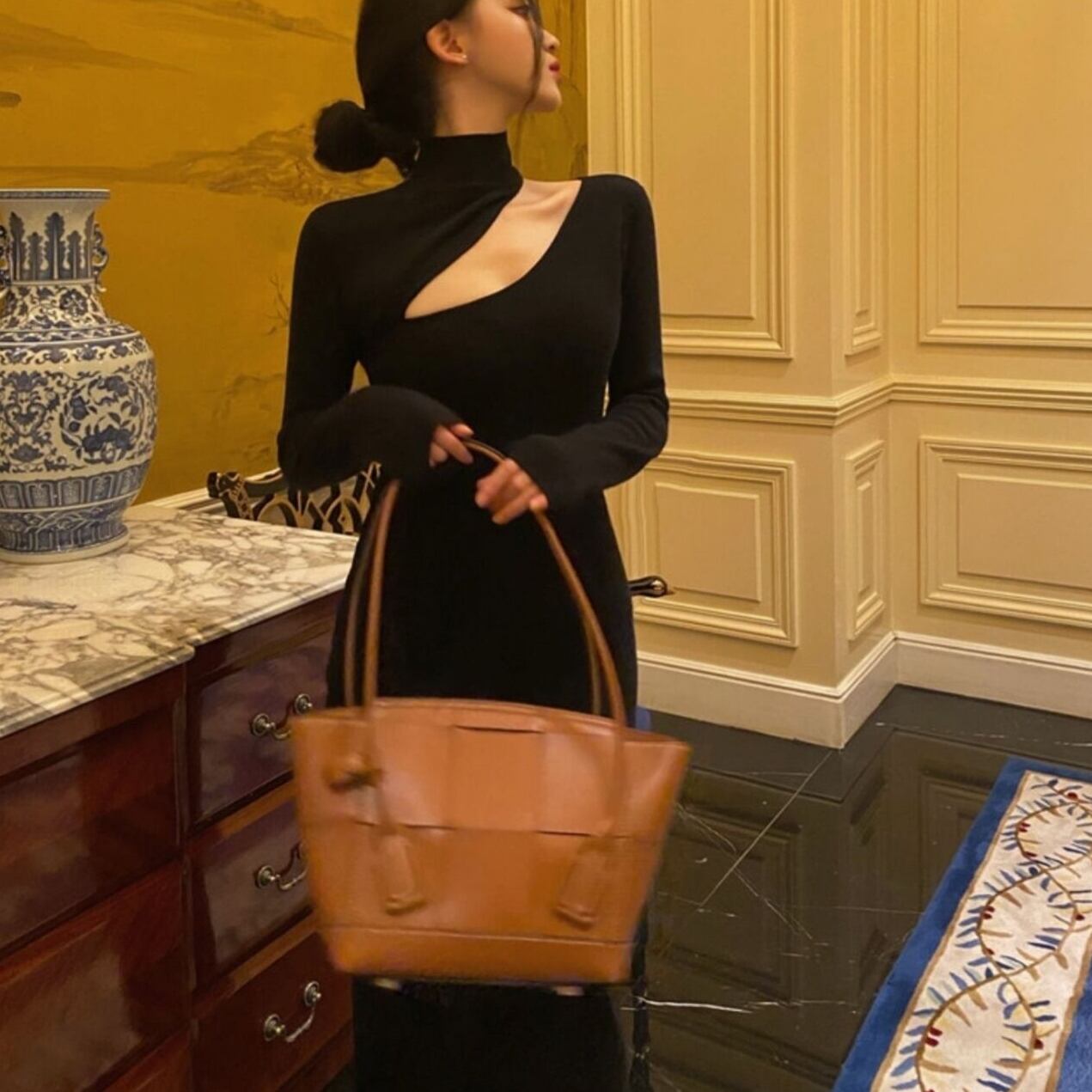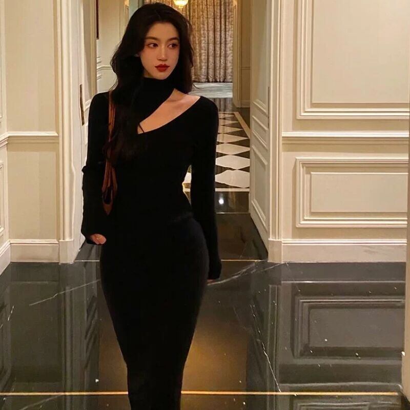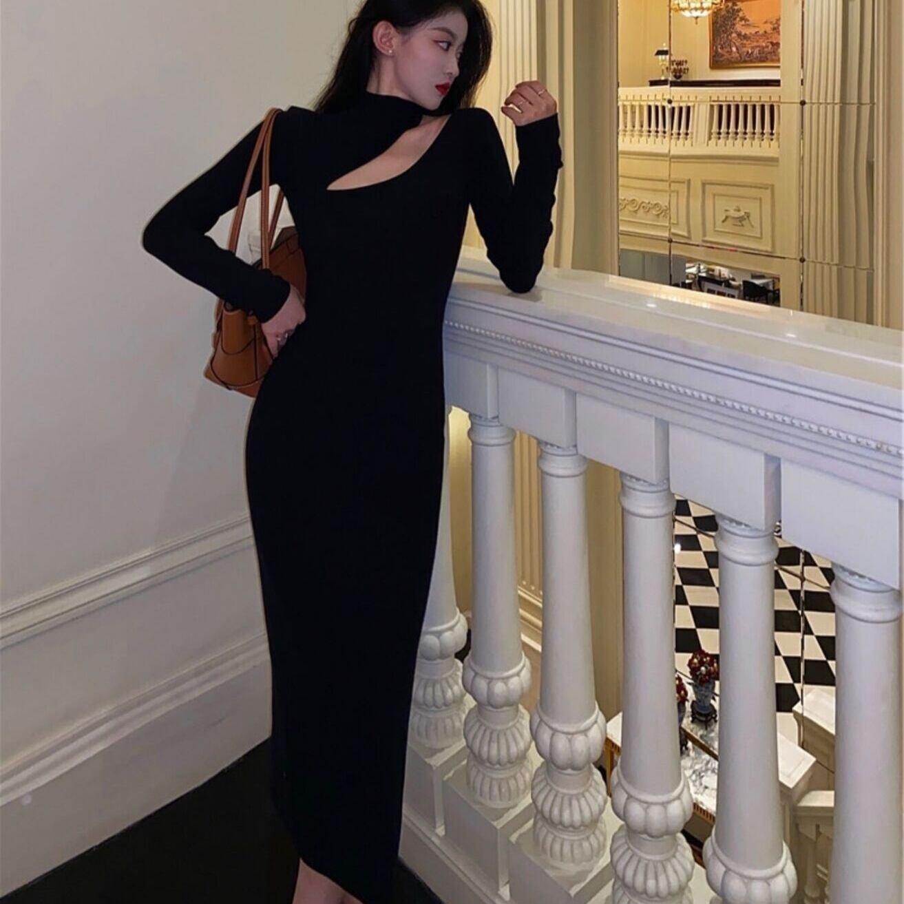 ワンピース ロングワンピース タイトワンピース 長袖 ハイネック カットアウトデザイン ロング丈 タイト 可愛い かわいい 大人可愛い きれいめ シンプル 上品 おしゃれ レトロ かっこいい カジュアル こなれ感 個性的 主役級 存在感 抜け感 秋 冬 ベーシック ナチュラル クール セクシー 無地 女性用 レディース ママ OL 通勤 学生 通学 デート お出かけ お泊まり 女子会 旅行 休日 カフェ ショッピング コンパ 普段使い デイリー イベント 着回し 重ね着 脚長 S M L XL モテ
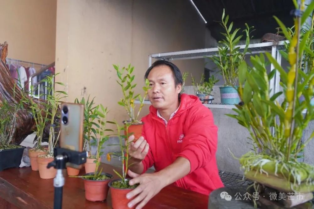 在芒市江東鄉(xiāng)李子坪村,村民楊榮成家的庭院里,各式石斛花開得正盛。面對直播鏡頭,他從容地向觀眾介紹:“這個是梵凈山石斛,你就不用擔心把它種死,主播這邊已經(jīng)種植成活了?!彼N售的觀賞石斛,正是村里“石斛花庭院經(jīng)濟”的鮮活產(chǎn)品。
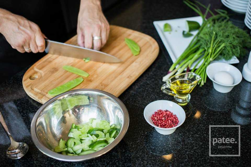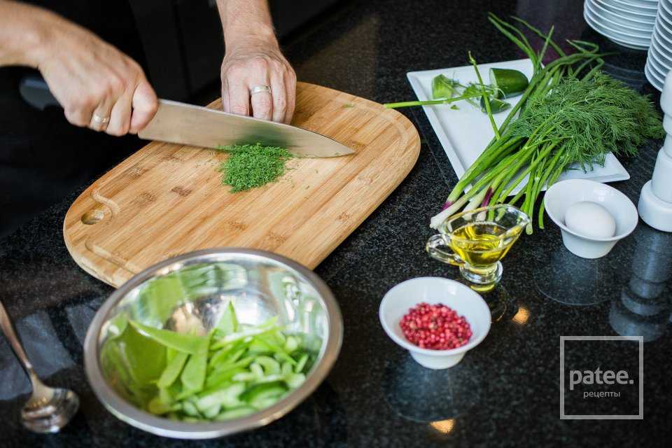 Несколько стручков зеленого горошка моем, проверяем на предмет отсутствия изъянов и режем довольно мелко.
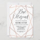 Estes convites de na moda Bat Mitzvah apresentam um padrão geométrico de aparência rosa dourado falso em um fundo branco, com a tipografia negra moderna.
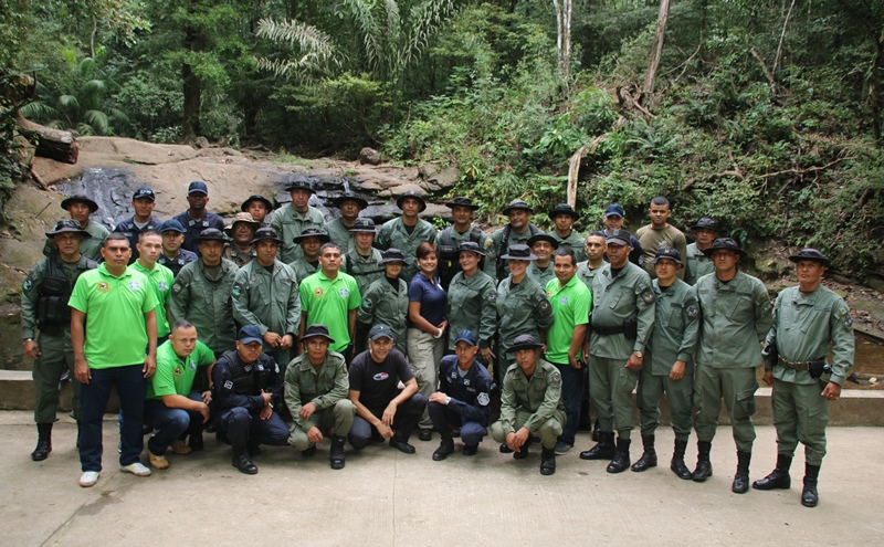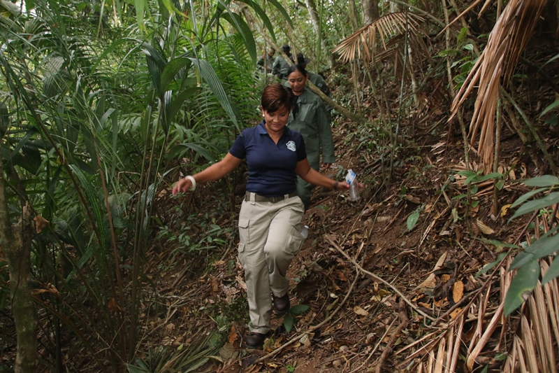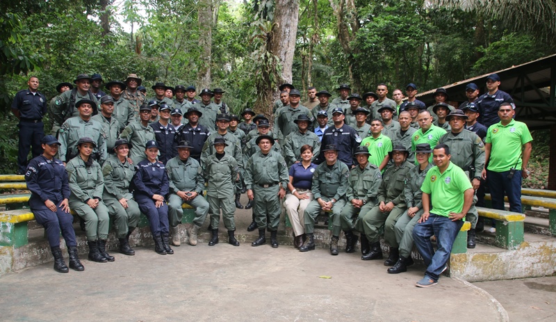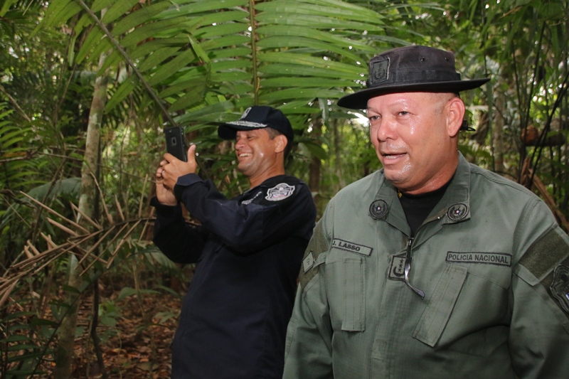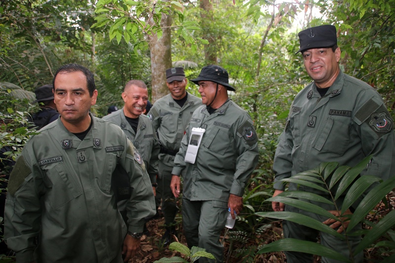 Un recorrido de 3.5 kilómetros desde el camino de plantaciones hasta el sendero natural El Charco, fue la ruta trazada por miembros del Directorio de Policía Nacional en celebración del primer aniversario de la Dirección Nacional de Policía Ecológica (DINPE). Durante este recorrido los participantes apreciaron una muestra representativa del bosque tropical que alberga el Parque Nacional Soberanía. Cumplida la meta, disfrutaron de un ameno desayuno en la hermosa caída de agua de El Charco, rincón natural bordeado por el río Sardinilla, que está dentro del parque Soberanía, en dirección hacia la comunidad de Gamboa a orillas del Canal de Panamá. Y es precisamente, contribuir a proteger este patrimonio natural una de las tareas de la Policía Ecológica que en coordinación con la Autoridad Nacional de Medio Ambiente, patrullan una extensión de 22 mil 104 hectáreas, donde viven más de 100 especies de animales y una variedad de mil 300 especies de plantas. La comisionada y jefa de la Dirección Nacional de Policía Ecológica, Elsa Garzón dijo que además de conocer este parque a través del senderismo ecológico, también es afianzar el trabajo en equipo. Garzón destacó la importancia de trabajar conjuntamente con la comunidad para la preservación de este santuario que anualmente atrae a excursionistas nacionales y extranjeros, además de otras áreas protegidas de la geografía panameña. Las unidades de DINPE también dictan charlas en escuelas y comunidades donde se les enseña a los niños y adultos a cuidar y convivir con la naturaleza. Aunque tienen más de 20 años de existencia al servicio del medio ambiente, la Policía Ecológica cumple un año de ser una dirección, a lo que se ha destinado más recursos y capacitaciones para el fortalecimiento de su labor de proteger la flora y fauna de nuestro país. Los policías ecológicos debidamente capacitados patrullan vía terrestre y acuática las áreas protegidas en conjunto con diferentes organismos gubernamentales y no gubernamentales, buscando minimizar la caza ilegal, tala indiscriminada, la contaminación de las aguas, quemas y el rescate de especies en extinción. También supervisan que el público no tire desechos en las áreas protegidas, teniendo en cuenta que existen materiales que no son biodegradables y que alteran el equilibro ecológico de la zona.
######
> EXERCISE OBJECTIVE
With every picture removed, give the entries above again exactly.

> EXERCISE RESPONSE
 ワンピース ロングワンピース タイトワンピース 長袖 ハイネック カットアウトデザイン ロング丈 タイト 可愛い かわいい 大人可愛い きれいめ シンプル 上品 おしゃれ レトロ かっこいい カジュアル こなれ感 個性的 主役級 存在感 抜け感 秋 冬 ベーシック ナチュラル クール セクシー 無地 女性用 レディース ママ OL 通勤 学生 通学 デート お出かけ お泊まり 女子会 旅行 休日 カフェ ショッピング コンパ 普段使い デイリー イベント 着回し 重ね着 脚長 S M L XL モテ
 在芒市江東鄉(xiāng)李子坪村,村民楊榮成家的庭院里,各式石斛花開得正盛。面對直播鏡頭,他從容地向觀眾介紹:“這個是梵凈山石斛,你就不用擔心把它種死,主播這邊已經(jīng)種植成活了?!彼N售的觀賞石斛,正是村里“石斛花庭院經(jīng)濟”的鮮活產(chǎn)品。
 Несколько стручков зеленого горошка моем, проверяем на предмет отсутствия изъянов и режем довольно мелко.
 Estes convites de na moda Bat Mitzvah apresentam um padrão geométrico de aparência rosa dourado falso em um fundo branco, com a tipografia negra moderna.
 Un recorrido de 3.5 kilómetros desde el camino de plantaciones hasta el sendero natural El Charco, fue la ruta trazada por miembros del Directorio de Policía Nacional en celebración del primer aniversario de la Dirección Nacional de Policía Ecológica (DINPE). Durante este recorrido los participantes apreciaron una muestra representativa del bosque tropical que alberga el Parque Nacional Soberanía. Cumplida la meta, disfrutaron de un ameno desayuno en la hermosa caída de agua de El Charco, rincón natural bordeado por el río Sardinilla, que está dentro del parque Soberanía, en dirección hacia la comunidad de Gamboa a orillas del Canal de Panamá. Y es precisamente, contribuir a proteger este patrimonio natural una de las tareas de la Policía Ecológica que en coordinación con la Autoridad Nacional de Medio Ambiente, patrullan una extensión de 22 mil 104 hectáreas, donde viven más de 100 especies de animales y una variedad de mil 300 especies de plantas. La comisionada y jefa de la Dirección Nacional de Policía Ecológica, Elsa Garzón dijo que además de conocer este parque a través del senderismo ecológico, también es afianzar el trabajo en equipo. Garzón destacó la importancia de trabajar conjuntamente con la comunidad para la preservación de este santuario que anualmente atrae a excursionistas nacionales y extranjeros, además de otras áreas protegidas de la geografía panameña. Las unidades de DINPE también dictan charlas en escuelas y comunidades donde se les enseña a los niños y adultos a cuidar y convivir con la naturaleza. Aunque tienen más de 20 años de existencia al servicio del medio ambiente, la Policía Ecológica cumple un año de ser una dirección, a lo que se ha destinado más recursos y capacitaciones para el fortalecimiento de su labor de proteger la flora y fauna de nuestro país. Los policías ecológicos debidamente capacitados patrullan vía terrestre y acuática las áreas protegidas en conjunto con diferentes organismos gubernamentales y no gubernamentales, buscando minimizar la caza ilegal, tala indiscriminada, la contaminación de las aguas, quemas y el rescate de especies en extinción. También supervisan que el público no tire desechos en las áreas protegidas, teniendo en cuenta que existen materiales que no son biodegradables y que alteran el equilibro ecológico de la zona.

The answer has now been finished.